Songs We Love: Dear Eloise, 'Something Beautiful To Share'
There is a frenzied stasis to Dear Eloise, a billowing feedback that surfs languid, blissfully noisy shoegaze reminiscent of The Jesus And Mary Chain. The husband-and-wife duo has been making music for a decade in Beijing's underground scene, and Yang Haisong (the duo's "husband" half) has run the Maybe Mars label, a crucial document of rock music in China, for just as long. For the Chinese New Year, Dear Eloise offers a video for "Something Beautiful To Share" that delivers on the song's title.
Director Naomi Yang (Galaxie 500, Damon & Naomi) has been making a name for herself in recent years with abstract narratives and cinematography that picks up light where it's not always found. Naomi Yang tells NPR that she met Yang Haisong while on tour in China. She says she took this song from Dear Eloise's Uncontrollable, Ice Age Stories and filmed a pair of contrasting stories around Cambridge, Mass., while honoring what she learned in Beijing:
Dear Eloise never performs live, it is a studio project, so the plan always was to make the video in the U.S. without the band.
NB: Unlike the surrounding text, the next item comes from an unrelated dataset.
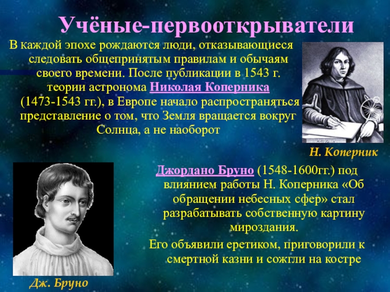 Джордано Бруно (1548-1600гг.) под влиянием работы Н. Коперника «Об обращении небесных сфер» стал разрабатывать собственную картину мироздания.
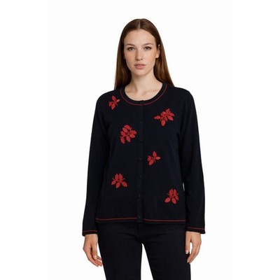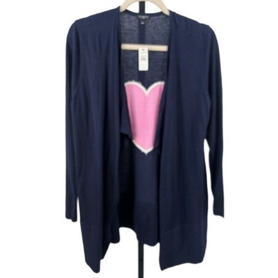 New Talbots Sweater Women's Size X Navy Blue Open Front Cardigan Pink Heart

I asked for a translation of the lyrics and I was moved by the melancholy, the sense of isolation and the nostalgia for "something beautiful." Having just experienced the vastness of Chinese cities, with pockets of the ancient disappearing amidst the shiny and new, I felt like I had an insight into some of the feeling behind the song. I felt like the isolation in a huge, crowded city could also mirror the isolation one can feel even within a relationship.
"Something Beautiful To Share" is less a love song and more of a shared experience, an ache to find a connection out of isolation. Sun Xia sings lyrics that translate to "Maybe every city is doomed in a kind of mood / You and I are a part of it / So where can I find you something beautiful to share?"
Naomi Yang's video speaks to this connection through three characters: two young girls trawling a pumpkin patch and a woman in a black dress sketching in her library. Yang says they both highlight and contrast with isolation:
Laura K., who stars in the video, is currently a graduate student at Harvard, but she had a career before as a model. I had always been struck by her presence and I thought she would be great as the "isolated girl." And, in speaking to Laura about this role, she suggested that we film her with her drawings that she had made while waiting for hours on end at casting calls when she was a model — her own time as an "isolated girl."
Laura and I were shooting on the afternoon of the Harvard/Yale game and we drove by the area outside the Harvard Stadium where the tailgating parties had occurred earlier in the day — the debris was so incredible we stopped the car and got out and started filming. The game was still on and we could hear the cheers coming from the stadium — and as we finished up filming the game got out and the crowds hit the street — but it was perfect — the isolation in the crowd.
As for the kids, they are Anna Kotowicz and Valentina Marquez-Gültlingen — two best friends in real life. I thought that their friendship could be the "beautiful thing" in contrast to Laura's isolation — maybe a memory, maybe the present, I wanted it to be ambiguous.
Uncontrollable, Ice Age Stories is out now via Maybe Mars.